Harry glanced around. None of the faces he could see
looked happy. On the contrary, they all looked rather taken-aback at being
addressed as though they were five years old.
“I am very much looking forward
to getting to know you all and I'm sure we'll be very good friends!”
Students
exchanged looks at this; some of them were barely concealing grins.
“I'll be
her friend as long as I don't have to borrow that cardigan,” Parvati whispered
to Lavender, and both of them lapsed into silent giggles.
Professor Umbridge
cleared her throat again (“hem, hem”), but when she continued, some of the
breathiness had vanished from her voice. She sounded much more businesslike and
now her words had a dull learned-by-heart sound to them.
“The Ministry of
Magic has always considered the education of young witches and wizards to be of
vital importance. The rare gifts with which you were born may come to nothing if
not nurtured and honed by careful instruction. The ancient skills unique to the
wizarding community must be passed down the generations lest we lose them for
ever. The treasure trove of magical knowledge amassed by our ancestors must be
guarded, replenished and polished by those who have been called to the noble
profession of teaching.”
Professor Umbridge paused here and made a little bow
to her fellow staff members, none of whom bowed back to her. Professor
McGonagall's dark eyebrows had contracted so that she looked positively
hawklike, and Harry distinctly saw her exchange a significant glance with
Professor Sprout as Umbridge gave another little “hem, hem” and went on with her
speech.
Every headmaster and headmistress o( Hogwarts has brought something
new to the weighty task of governing this historic school, and that is as it
should be, for without progress there will be stagnation and decay. There again,
progress for progress's sake must be discouraged, for our tried and tested
traditions often require no tinkering. A balance, then, between old and new,
between permanence and change, between tradition and innovation...”
Harry
found his attentiveness ebbing, as though his brain was slipping in and out of
tune. The quiet that always filled the Hall when Dumbledore was speaking was
breaking up as students put their heads together, whispering and giggling. Over
on the Ravenclaw table Cho Chang was chatting animatedly with her friends. A few
seats along from Cho, Luna Lovegood had got out The Quibbler again. Meanwhile,
at the Hufflepuff table Ernie Macmillan was one of the few still staring at
Professor Umbridge, but he was glassy-eyed and Harry was sure he was only
pretending to listen in an attempt to live up to the new prefect's badge
gleaming on his chest.
Professor Umbridge did not seem to notice the
restlessness of her audience. Harry had the impression that a full-scale riot
could have broken out under her nose and she would have ploughed on with her
speech. The teachers, however, were still listening very attentively, and
Hermione seemed to be drinking in every word Umbridge spoke, though, judging by
her expression, they were not at all to her taste.
“...because some changes
will be for the better, while others will come, in the fullness of time, to be
recognised as errors of judgement. Meanwhile, some old habits will be retained,
and rightly so, whereas others, outmoded and outworn, must be abandoned. Let us
move forward, then, into a new era of openness, effectiveness and
accountability, intent on preserving what ought to be preserved, perfecting what
needs to be perfected, and pruning wherever we find practices that ought to be
prohibited.”
She sat down. Dumbledore clapped. The staff followed his lead,
though Harry noticed that several of them brought their hands together only once
or twice before stopping. A few students joined in, but most had been taken
unawares by the end of the speech, not having listened to more than a few words
of it, and before they could start applauding properly, Dumbledore had stood up
again.
“Thank you very much, Professor Umbridge, that was most illuminating,”

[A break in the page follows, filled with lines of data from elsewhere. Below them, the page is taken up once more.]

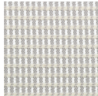
MGR - Grigio soft mesh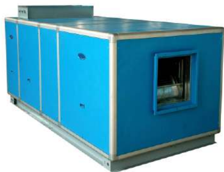
FRESH AIR CENTRIFUGAL BLOWER UNIT CAPACITY : 3 TO 15 HP. (DIE-186)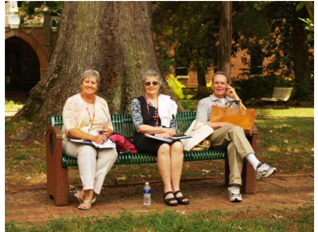
Music, water bottle, and a shady bench – what better way to enjoy a break during Festival week!

The 24 th Moravian Music Festival will be in Bethlehem, Pennsylvania, in the summer of 2013. It's not too early to plan to be present!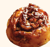
Pecan Cin. Roll - 50 K

he said, bowing to her. “Now, as I was saying, Quidditch tryouts will be
held...”
“Yes, it certainly was illuminating,” said Hermione in a low
voice.
“You're not telling me you enjoyed it?” Ron said quietly, turning a
glazed face towards Hermione. That was about the dullest speech I've ever heard,
and I grew up with Percy.”
“I said illuminating, not enjoyable,” said
Hermione. “It explained a lot.”
“Did it?” said Harry in surprise. “Sounded
like a load of waffle to me.”
“There was some important stuff hidden in the
waffle,” said Hermione grimly.
“Was there?” said Ron blankly.
“How about:
"progress for progress's sake must be discouraged"? How about: "pruning wherever
we find practices that ought to be prohibited"?”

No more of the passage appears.